Marvin Heiferman | Essays

Mary Ellen Mark, 1940–2015

Copyright © 1963-2015 Mary Ellen Mark

Mary Ellen Mark, the noted photojournalist, died on Monday, May 25, 2015 at the age of 75. Known for her heartfelt and compassionate work, Mark consistently produced remarkable images throughout a career that spanned decades and as photography and photojournalism underwent radical change.

Mark worked often and on assignment for leading publications including LIFE, the New York Times Magazine, The New Yorker, Rolling Stone, and Vanity Fair. But more importantly, it was her personal projects, many of which explored the lives and vulnerabilities of women in trying circumstances, that would define her as artist and communicator. Among them were: Ward 81, black and white photographs of women confined to a maximum-security ward in an Oregon state mental hospital; Falkland Road, raucous color photographs of prostitutes living and working in Bombay that she made between 1978-9; and Streetwise, an insightful book that grew out of a LIFE magazine assignment, later evolved into a Oscar-nominated documentary film, and tracked the lives of runaways on the streets of Seattle, then known as America’s most "livable" city.

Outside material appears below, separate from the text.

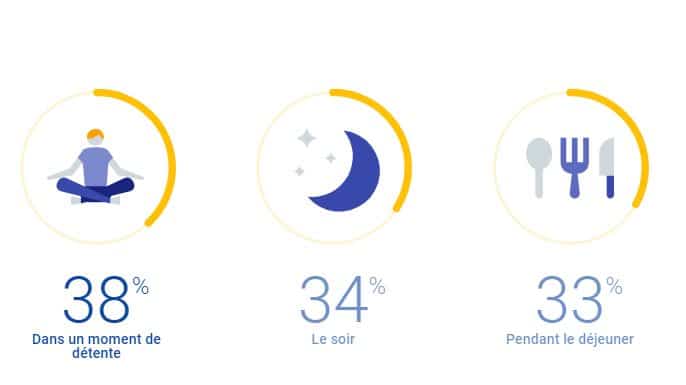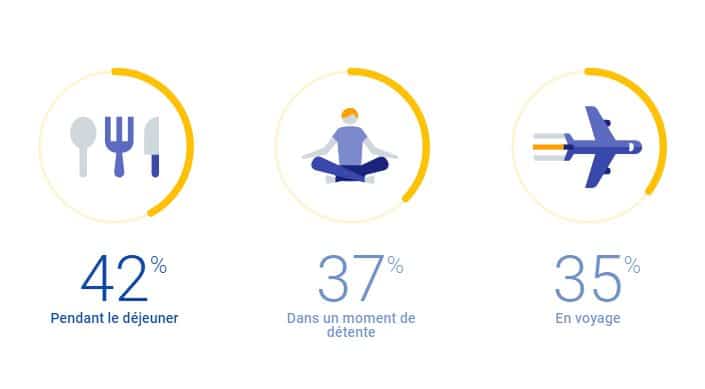Les applications d’actualité sont le plus souvent utilisées pendant le déjeuner (42%), dans un moment de détente (37%) ou bien en voyage (35%).

Mark was confident, passionate, determined, and worked long and successfully in a photographic industry largely dominated by men. She started out on a path that had been cleared, to a certain degree, by powerhouse image makers such as Margaret Bourke White and Eve Arnold. But it was Mark’s tenacious immersion in and sensitivity to the narratives of people’s lives that ultimately gave her work its startling sense of intimacy. Interestingly, it was those same nuanced qualities that led to her being hired to shoot on the sets of films such as Apocalypse Now, One Flew Over the Cookoo’s Nest, and Fellini’s Satyricon, as well as for numerous and prestigious advertising campaigns.

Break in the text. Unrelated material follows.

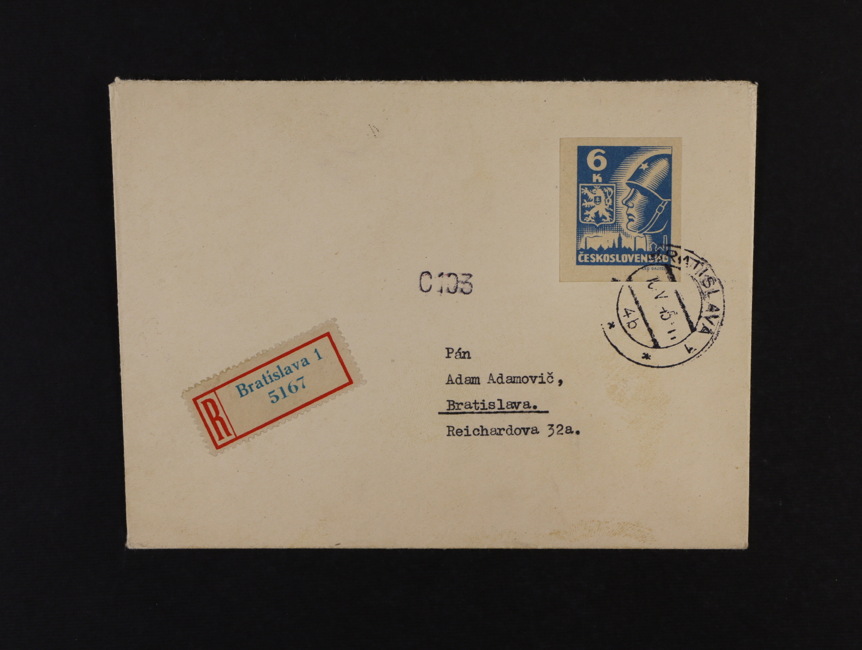 R-dopis frank. zn. č. 356, pod. raz. BRATISLAVA 1 10.5.45, zajímavé

A striking and stylish woman, Mary Ellen Mark was as mesmerizing as the images she made and told stories about. Her sense of empathy with her subjects was unique; her sense of obligation to respect their individuality was strong. Ultimately and to lasting effect, Mark's ability to use photography to represent them, to give them both a voice and visibility in the world they might never have had otherwise, was even stronger.